Biologia Marinha
O Sistema Profundo
O sistema profundo começa no limite inferior da zona circalitoral e se estende até o ponto mais fundo do oceano, abrigando três zonas mais claramente reconhecíveis:
· Zona batial - até 2.000 metros. Ambiente livre da influência das ondas e da maré, com temperatura e salinidade relativamente estáveis, somente alterada pela passagem de correntes marinhas profundas.
· Zona abissal - até 6.000 metros. Ocupa 75% do fundo oceânico e possui uma temperatura uniforme e constante de 4 ºC. A ausência de luz é completa, o que permite a existência de crustáceos e peixes cegos e impede a ocorrência de fotossíntese.
· Zona hadal - além de 6.000 metros. A pressão é superior a 600 vezes a da superfície. Abrange todas as fossas abissais.
Relevo do fundo oceânico
O relevo do fundo dos oceanos não é simplesmente plano, como o fundo de uma piscina. Ao contrário possui diversos tipos de acidentes geográficos que afetam o percurso das correntes marinhas e retratam a história geológica da Terra.
Os aspectos mais relevantes do relevo submarino são a plataforma continental, os taludes, as planícies abissais, a Cordilheira Meso-Oceânica e as fossas abissais.

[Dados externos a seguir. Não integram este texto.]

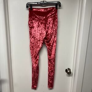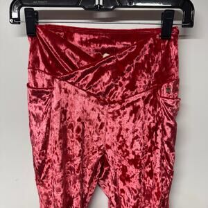 Fabletics High Waisted Crushed Velour Cross Over Leggings Strawberry Red Small

As feições e o relevo do fundo oceânico são determinados por processos geológicos, em especial pela tectônica de placas. Ela faz com que as placas da crosta terrestre onde se assentam os continentes e os mares se desloquem, criando choques e afastamentos entre elas. Nos pontos de choque formam-se as fossas abissais e como resultado do afastamento surgem as Cordilheiras Meso-Oceânicas, verdadeiras espinhas dorsais dos oceanos, locais onde se forma constantemente um novo assoalho marinho com o magma que emerge pela atividade vulcânica.

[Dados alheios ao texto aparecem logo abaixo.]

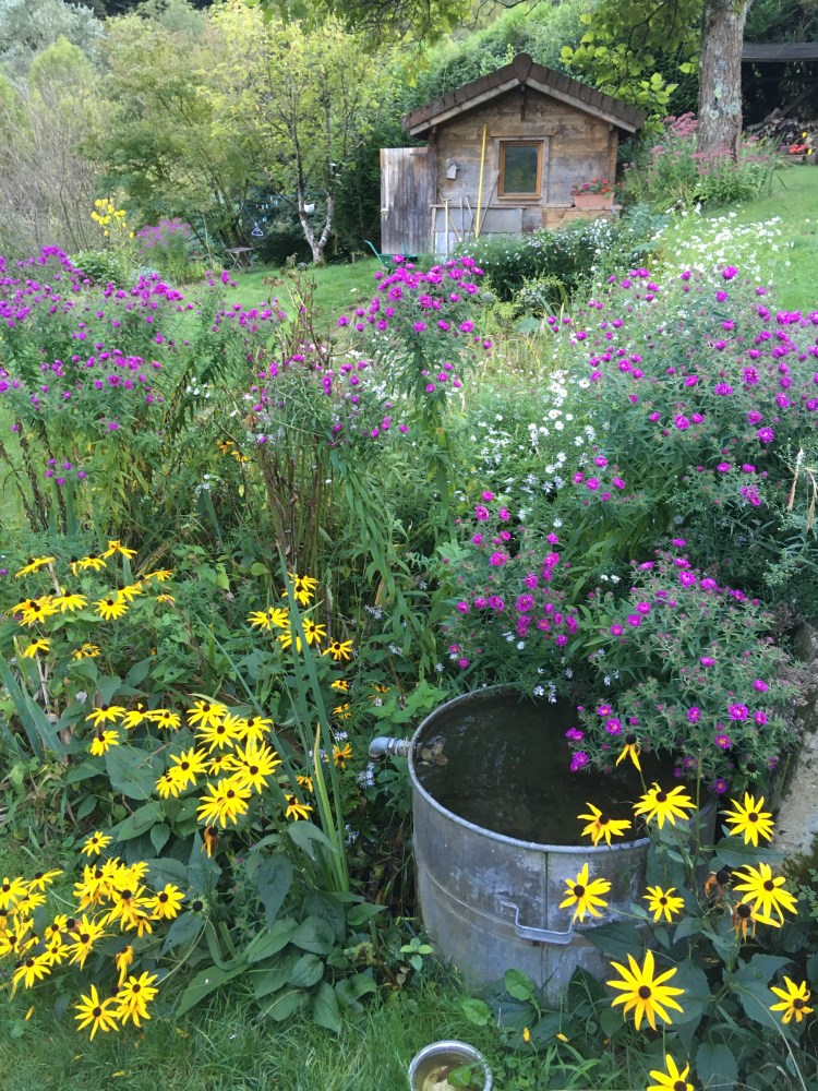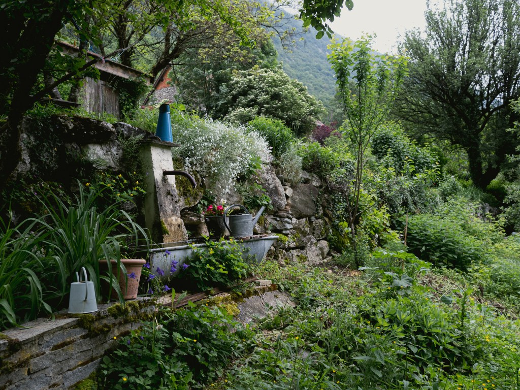 Un jardin champêtre, animé par une basse-cour, des chèvres et des abeilles, alimenté par une source…

A plataforma continental é uma continuação natural do relevo continental que se estende até o talude, estando sob forte influência da água e dos sedimentos que procedem dele. É onde se concentra a exploração econômica dos oceanos, como a pesca e a extração de petróleo. Costumeiramente atinge 200 metros de profundidade e alcança até 200 milhas náuticas da linha de litoral. Mas grande é a sua diversidade com relação a extensão e características. Há locais como a costa da Califórnia e o litoral cantábrico onde praticamente não há plataforma continental, enquanto que na costa russa do Oceano Ártico ela estende-se até por 1200 quilômetros. Com toda essa variedade, a plataforma continental ocupa apenas 8% do fundo oceânico.
O talude corresponde à borda dos continentes, marcando os limites entre o reino continental e o marinho. Caracteriza-se pelo predomínio do relevo íngreme e acidentado, aumentando sua profundidade em um quilômetro e meio a cada 6 ou 8 quilômetros que se avança mar adentro. Estende-se por cerca de 9% dos fundos oceânicos.
As planícies abissais são encontradas nos maiores oceanos se estendendo desde a borda do talude até a Cordilheira Meso-Oceânica, geralmente entre 2 e 5 mil metros de profundidade. Com topografia relativamente plana, ocupa grande parte do fundo do mar, passando de 80% dele. É riquíssimo em minérios e recoberto por sedimentos criados pelas carapaças de organismos planctônicos.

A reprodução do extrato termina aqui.